What I want out of a film school is to learn hands on making films, yet also get an education of economics, international relations and other courses to expand my knowledge. 

Can you people here try to push me into the right direction of choosing a college with what I have?

The colleges I want to attend are: NYU, UCLA, USC, Chapman, Boston University, CalArts, Emerson, Syracuse, School of Visual Arts, etc.

Yet I'm afraid my GPA won't be up to par and I hope my personal statement and portfolio can help me out greatly.

Thank You


----------



## chellya2004

hi there,
i'm planning to apply to CalArts so I know a lot of things about it.based on what i know, calarts is a completely different uni from any other else.it encourages you to be artistic and different, not like others which prefer commercials and hollywood-type movies.so if you want to apply to UCLA, USC, or so on, logically you won't pick CalArts.they have different direction in this industry.
from calarts, you also can't expect lots of hands on or education outside film-making.it's an art school.ucla, usc, nyu, chapman are not art schools.

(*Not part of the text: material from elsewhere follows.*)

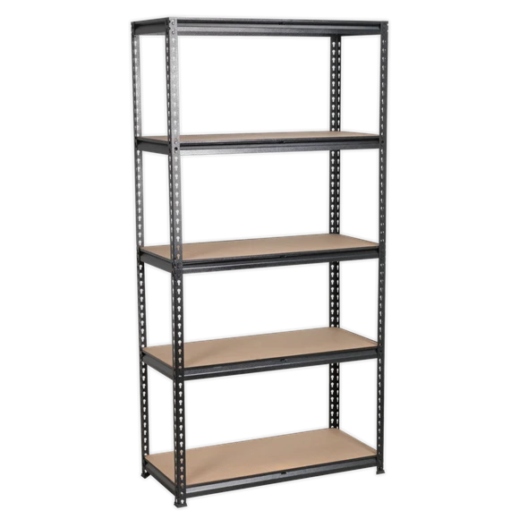Fully painted steel frame with five MDF shelves. 200kg Capacity per level giving a maximum capacity of 1000kg per rack. Boltless design means no tools required to assemble. Slots together in minutes. 2-Piece uprights allow use as a single bay rack or split into two separate shelf systems or workstations. Use in conjunction with Model No. AP7150C Corner Unit.

you should reconsider again the nature or the direction of your career.if you want into more indie or cult movies, then you might wanna try calarts or another art schools.but if you're going to hollywood, then you definitely should go to the Holy Trinity =).

pick your university carefully.find out deeper on the universities that might suit you, don't depend too much on rankings or reviews.

btw,
are you transferring from community college?which com college are you going to?i'm actually searching for com college to transfer to calarts, but i haven't found out. ><


----------



## psh

Thanks for your reply, I forgot to state I was a senior in the first post.

After an extensive round of research I'm really hoping I can get into Chapman for film. I don't know if I have even a chance but I'm going to try my hardest to get in with my essay and other things.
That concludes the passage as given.